七瀬 水穂(ea3744)/ ニヴァーリス・ヴェルサージュ(ea9359)/ セルーリア・トーン(eb2142

●リプレイ本文

 レヴィン・グリーン(eb0939)がスクロールを広げ、さやけき月光の下、念を込め、淡い銀色の光に包まれると、うすぼんやりとした、半球が創造された。月の精霊魔法“ムーンフィールド”だ。
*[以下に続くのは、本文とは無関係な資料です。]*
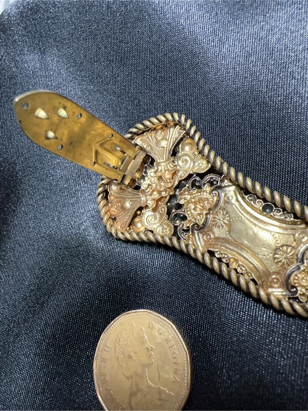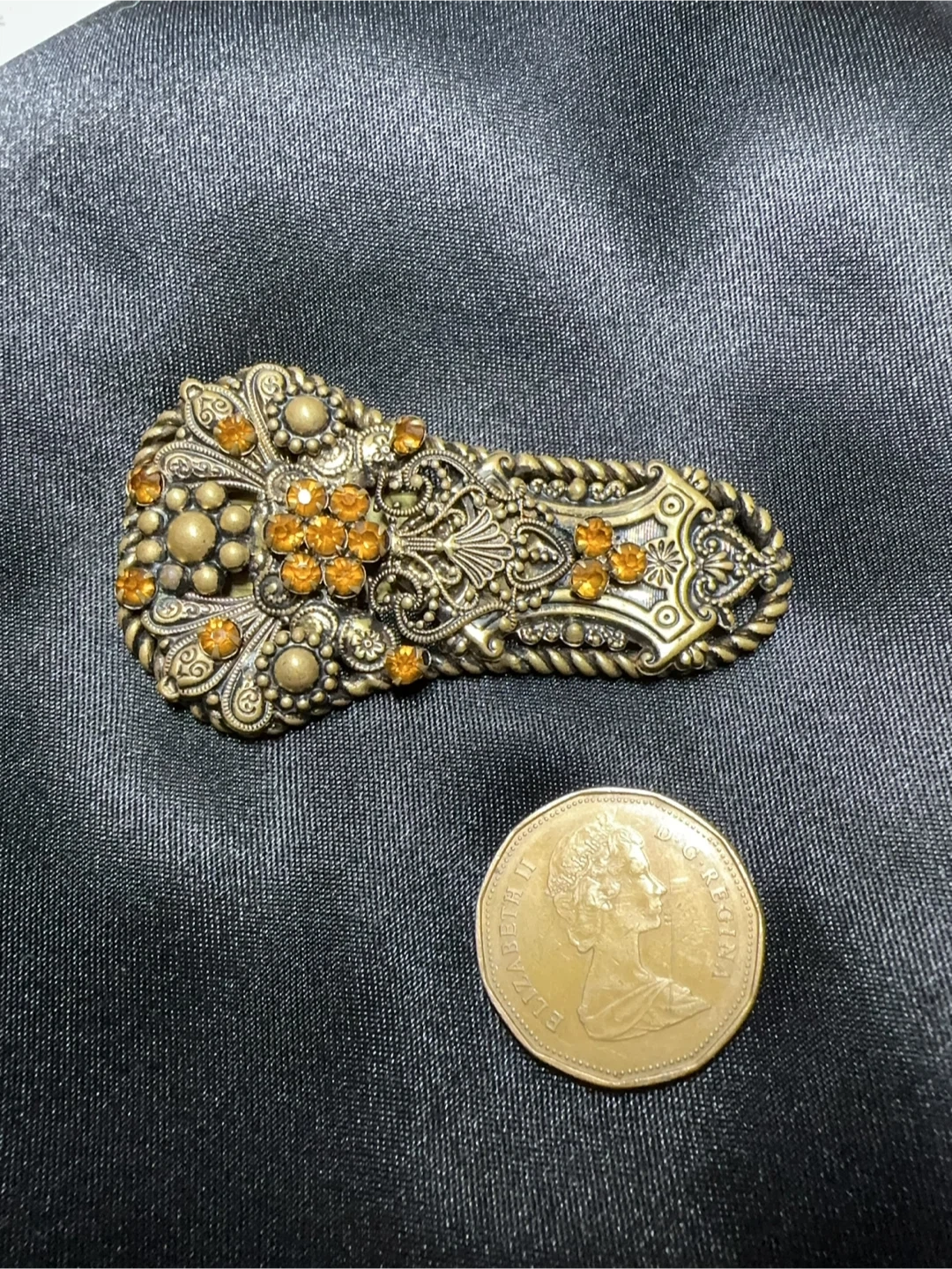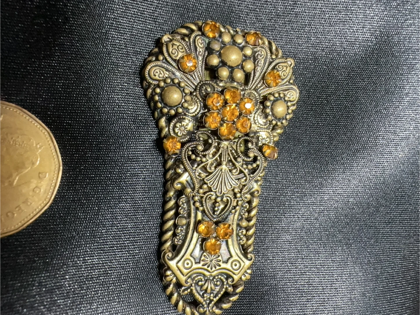 This is a beautiful vintage sash pin or brooch, possibly from the 1930s, featuring intricate filigree openwork and embellished with small, amber-coloured rhinestones. The clip features a secure clasp on the back, perfect for holding in place with an ornate, antique-style design.

 それを沖田光(ea0029)が筆頭となって、テントを上に被せていく。
 ムーンフィールドは1EP以上の物は弾くので、こうならざるを得ないのだ。
 レヴィンは続けて紅い淡い光に包まれ、続けて緑色の淡い光に包まれたりと、魔力の消耗の激しい、スクロールや高等な魔法を立て続けに使う。
 今日は雲の加減も良く、一晩中月光が照らし出しそうである。これで一姫の初撃を何の加減もなく食らうという事はないだろう。
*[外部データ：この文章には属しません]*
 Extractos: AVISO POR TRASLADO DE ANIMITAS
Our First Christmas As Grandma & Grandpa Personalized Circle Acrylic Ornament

「不覚でした、昔から兎と忍者には気を付けろと言われていたんですが、イタチも付け加えておきます」
 と、メモろうとするが、生憎と光は筆記用具は持ってないので、頭の中の箪笥にしまっておく。
 光は依頼主の慧少年が知らないなら少しは自分で調べなくてはと思い、まず一姫の言い残した言葉の意味を考えて、様々な文献を慧少年の家や代々の書面から調べようとしたが、事の重要性からか秘匿性の高い古代魔法語で記されており、彼の判る所ではなかった。おそらく暗号化もされているのだろう。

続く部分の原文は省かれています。